COOKIES, WEB BEACONS, AND DO-NOT-TRACK
For detailed information on the cookies we use and the purposes for which we use them, please refer to our Cookies Policy.
You can visit the AdRoll cookie opt-out page and Google Ads personalization page to opt-out of certain targeted advertising. You can also opt-out of targeted advertising by modifying your browser settings or by using a browser plug-in.

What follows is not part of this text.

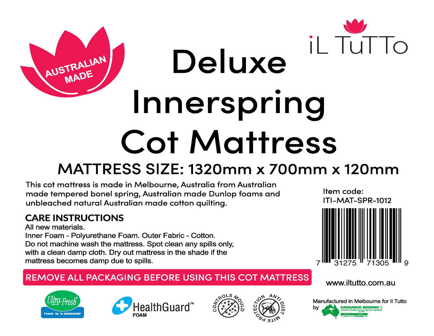 Deluxe Innerspring Cot Mattress: 1320x700x120mm.

We take reasonable security measures to protect against unauthorized access to or unauthorized alteration, disclosure, or destruction of personal information within our custody or control. These include security measures for and internal reviews of our data collection, storage, and processing practices and the use of Transport Layer Security (TLS) software to encrypt certain sensitive User information such as bank account data. We also implement physical security measures to guard against unauthorized access to systems where we store personal data.
We restrict access to User information to Motus employees, contractors, and agents who need to know that information in order to operate, develop, or improve our services. These individuals are bound by confidentiality obligations and may be subject to disciplinary measures, which may include termination and criminal prosecution, if they fail to meet these obligations.
Please note that while we take reasonable security measures to protect against unauthorized access, no safeguard can fully guarantee security of personal information.
Motus is headquartered in the United States and, regardless of where you use our Services or otherwise provide information to us, your information will usually be transferred to, maintained, and processed by Motus and our service providers in the United States or other jurisdictions in which we or they operate. Please note that privacy laws, regulations, and standards in the jurisdictions in which your information may be maintained and processed may not be equivalent to the laws in your country of residence and such information may be subject to lawful access by U.S. or other foreign courts, law enforcement, and governmental authorities.
If you are based in the UK or the EU, if we provide any personal information about you to any non- European Economic Area (“EEA”) or UK members of our group or suppliers, we will take appropriate measures to ensure that the recipient protects your personal information adequately in accordance with this Privacy Notice. These measures will include the following permitted in Articles 45 and 46 of the EU’s General Data Protection Regulation:
YOUR CALIFORNIA PRIVACY RIGHTS
On January 1, 2020, the California Consumer Privacy Act (CCPA) went into effect. The law requires companies to notify California residents about how their data is collected, used, and shared, and in some cases gives them rights to access and delete that data. This section provides Motus’ disclosures as required by the CCPA. These disclosures supplement and incorporate the statements in the other portions of the Privacy Notice. This section applies to all visitors, users, and others who reside in the State of California.
Information We May Collect
Motus collects User information from Users and Clients in order to administer and provide Motus Services to Motus Clients and Users and for the other purposes identified in this Privacy Notice. We may collect the following categories of information, as defined in the CCPA. The examples listed are only illustrative of potential types of data within each category, and Motus does not necessarily collect that data about every individual.
Sources of California Personal Information
We obtain the above categories of personal information from the following categories of sources:
Use of California Personal Information
We may use any of the above categories of collected User information to provide services requested from Users or Clients, maintain and improve our services, communicate with Users and Clients about Motus Services and affiliated third-party services, market Motus Services, prevent potentially illegal activities, protect the rights and property of Motus and third parties, respond to inquiries of Motus Clients and Users, and for any other purpose to which the User has consented. Our use and disclosure of California Personal Information is more fully described above, in the section entitled “How We Use The Information”.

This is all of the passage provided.